I'm thinking you meant LS for the 2012 CRUZE with a 1.8? Look at the bottom of this page and read some similar fan comments, or poke around in the search box before you spend money at the dealer. What you mentioned sounds somewhat normal, could be a bad thermostat. These cars run with the high fan in extreme hot & cold weather


----------



## John Norte (Dec 21, 2020)

Thank you for the reply ! I sure will, beyond inspection I'm thinking that it can probably be a switch or a sensor that allows the fan to run at such a high speed constantly, I'll go to a general mechanic to check it out.


----------



## jblackburn (Apr 14, 2012)

The fan constantly running at high speed usually means that one of the coolant temp sensors disagrees with the other, and the car has put it in a fail-safe/limp home mode.

It's normal for a Cruze not to heat up at idle, but they also have an electronically controlled thermostat that can melt the ring to open it at any temperature the ECM requests.

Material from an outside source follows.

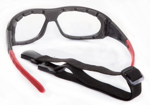 - Elastyczny pasek zapobiega spadaniu okularów podczas pracy

In the case of limp home mode, it melts the ring just to ensure it stays cool.

The temperature sensors are a very common failure point on the 1.4T, and the thermostats are common cooling system leak point on the 1.8. I'd just replace em all (there are 2 coolant temp sensors - one in the radiator, the other near the throttle body/rear of the engine). Check the hose from the coolant tank as well, as it's one that cracks and leaks a lot too.


----------



## Shawn855 (May 25, 2016)

The fan running while the heat is on is perfectly normal and I actually made a post about it a few months ago. Secondly, if the fan is on the max setting instead of the lower speeds, then it means your radiator fan resistor is finished and therefore can only run in 1 speed; max. Another hint that it's the resistor, is the car temp gauge will actually be at the middle mark, instead of a little bit before the middle mark.


----------